WHAT THIS TASK INVOLVES:
It would help if you retyped the data exactly, leaving out the pictures.

DATASET SECTION:
=====

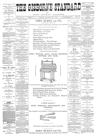 - ARTICLEThe Gisborne Standard AND COOK COUNTY GAZETTE Published every Tuesday, Thursday, and Saturday Morning. Thursday, July...
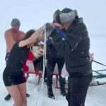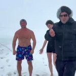 Çıldır Gölü’nün yüzeyindeki yaklaşık 40 santimetrelik buz tabakası, Dural Daşdemir tarafından balta ve küreklerle açıldı. “Eskimo” usulü balıkçılık yapılan bölgede açılan bu küçük pencere, bu kez balık tutmak için değil, adrenalin dolu bir yüzme deneyimi için kullanıldı.
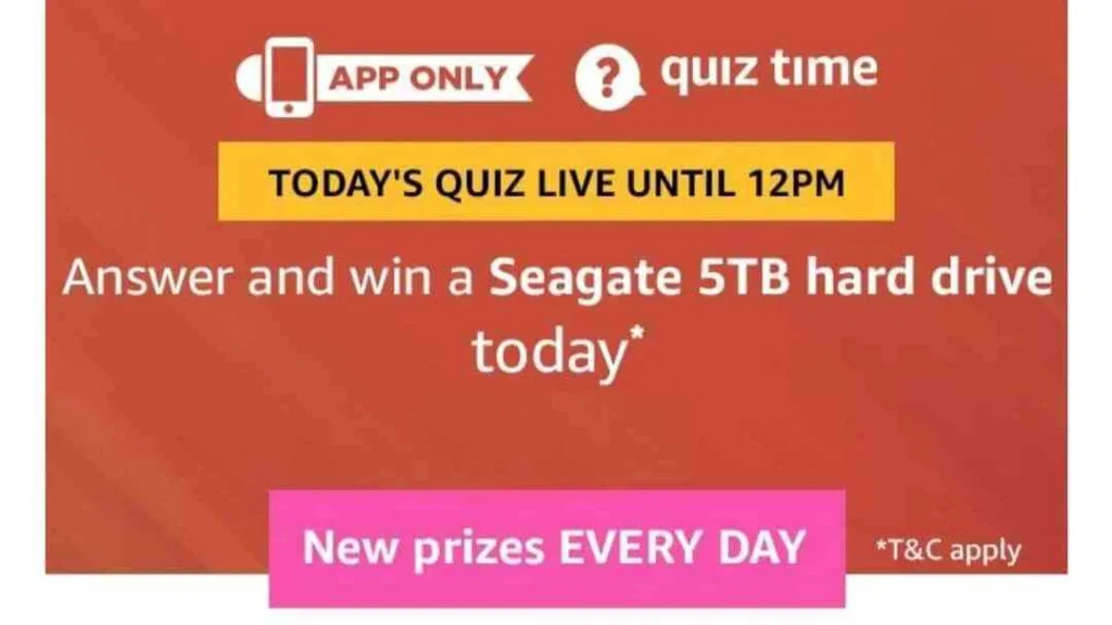 Amazon 1st August Quiz Answers – Answer & Seagate Hard Disk

=====

TASK RESULT:
 - ARTICLEThe Gisborne Standard AND COOK COUNTY GAZETTE Published every Tuesday, Thursday, and Saturday Morning. Thursday, July...
 Çıldır Gölü’nün yüzeyindeki yaklaşık 40 santimetrelik buz tabakası, Dural Daşdemir tarafından balta ve küreklerle açıldı. “Eskimo” usulü balıkçılık yapılan bölgede açılan bu küçük pencere, bu kez balık tutmak için değil, adrenalin dolu bir yüzme deneyimi için kullanıldı.
 Amazon 1st August Quiz Answers – Answer & Seagate Hard Disk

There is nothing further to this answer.